Adam Becker [00:09:27]: Awesome, Andy, thank you very much. That was brilliant and full of insights. And a couple of things that stood out for me is just the pace at which these things are changing. Right. And just the organizational risks that are incurred by this. Even a question like, is rag going to be here soon?
Andy McMahon [00:09:44]: We're going to have a couple of.
Adam Becker [00:09:45]: Talks that are going to tease this question in a little bit more detail. We have some questions for you, and since you finished a couple of minutes before time, so I feel compelled to ask you those. Okay, so a couple of things here. The first is Vihan is asking from the chat, do you have a sense for how to estimate cost per query?
Andy McMahon [00:10:04]: Oh, this is a great question. So some of the things, when you're using a vendor supplied model, the openei as your service, et cetera, they give you quite clear information using AWS, bedrock, et cetera. So I think cost per query, at the most basic sense, you get that number per token. What we're finding difficult, or what I think is difficult is in many use cases, you don't have any tokens you need, but you often just kind of give a bit of an envelope and work with that. So I would say leverage the pricing mechanisms that are out there and don't try and reinvent the wheel, but definitely use what's out there and just try and be sensible in your estimates.

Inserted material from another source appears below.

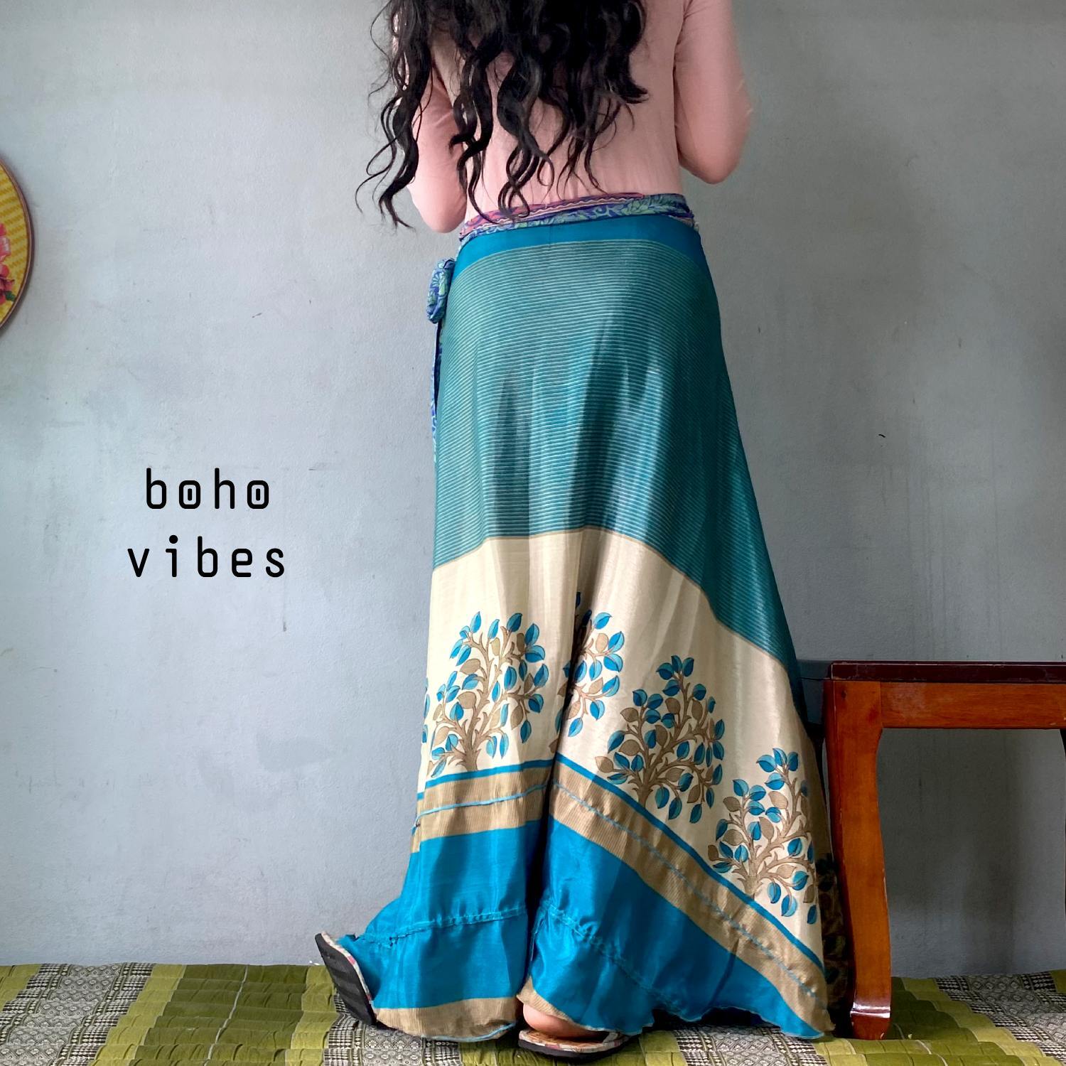 【巻き方次第で着こなしイロイロ】インドサリー生地リメイク 巻きスカート ロング丈 36

Adam Becker [00:10:36]: Yeah, for sure. Along that same line of thinking, I think people, just to clarify for the audience, do you mean to use the foundation model instead of. You don't think that anybody should go and tune one on their own or at least train one on their own? Right. It says here, don't pretrain your model. I think that people heard you say don't.

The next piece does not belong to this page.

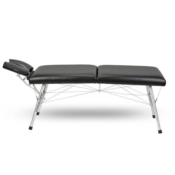 The ChiroLux Classic Chiropractic Table combines professional-grade stability and comfort with a lightweight foldable frame for easy portability. The table includes 1” thick firm density foam which allows for maximum patient comfort, while still providing a firm base for adjustments. Telescoping height adjustment and 5-position Quick-Touch Flexion/extension headpiece ensure that the table fits any patient, therapist, or chiropractor. ChiroLux CheekPads with High Density Foam included with the table provide even more comfort and adjustability to the headpiece.

Andy McMahon [00:11:01]: My advice was, if you're starting in this space, you shouldn't think, oh, I'll go pre train my own model, I'll go build my own LLM. Bloomberg did it with Bloomberg GPT. I think it was a huge investment and I'm not sure what ROI they've got from that. They're obviously keeping it cards close to their chest. But basically, yeah. I think unless you have a very specific reason for doing it, like you are OpenAI or a company who's going to be a vendor of these llMs, you shouldn't do it. It wouldn't make sense for sort of some of the organizations I know about to do it. But it is always a case by case basis and as costs come down it might make more sense.
Andy McMahon [00:11:37]: I think just now it's very expensive.
Adam Becker [00:11:40]: One quick one here. Where do you think organizations are with respect to the application databases that you mentioned? So how is common knowledge, metadata, et cetera, being managed for these various applications? And do you see any opportunities for service or technology providers?
Andy McMahon [00:11:55]: Yeah, it's a really good question. I think there's a lot of work we can leverage from existing software developments. So just postgresql databases and things like that can often be very useful in this space. I think where I'm seeing a lot of activity from vendors that's quite exciting and interesting is, you know, kind of providing out of the box rag applications or out of the box geni packaged solutions that have the full end to end stack. So not just the application database layer, but also the interaction with the LLM, the pipelining, the orchestration. I think I'm seeing that and I think that's a really good offering because a lot of organizations aren't that far on their mlops maturity journey, never mind their LLM ops maturity journey. So I think that's more a kind of exciting space that I see vendors playing. Is that kind of pre packaged solution end to end? Here you go, configure it.
Adam Becker [00:12:48]: Awesome. Andy, thank you very much. You're going to be on the chat and on slack in case people have more questions. And, and thank you very much.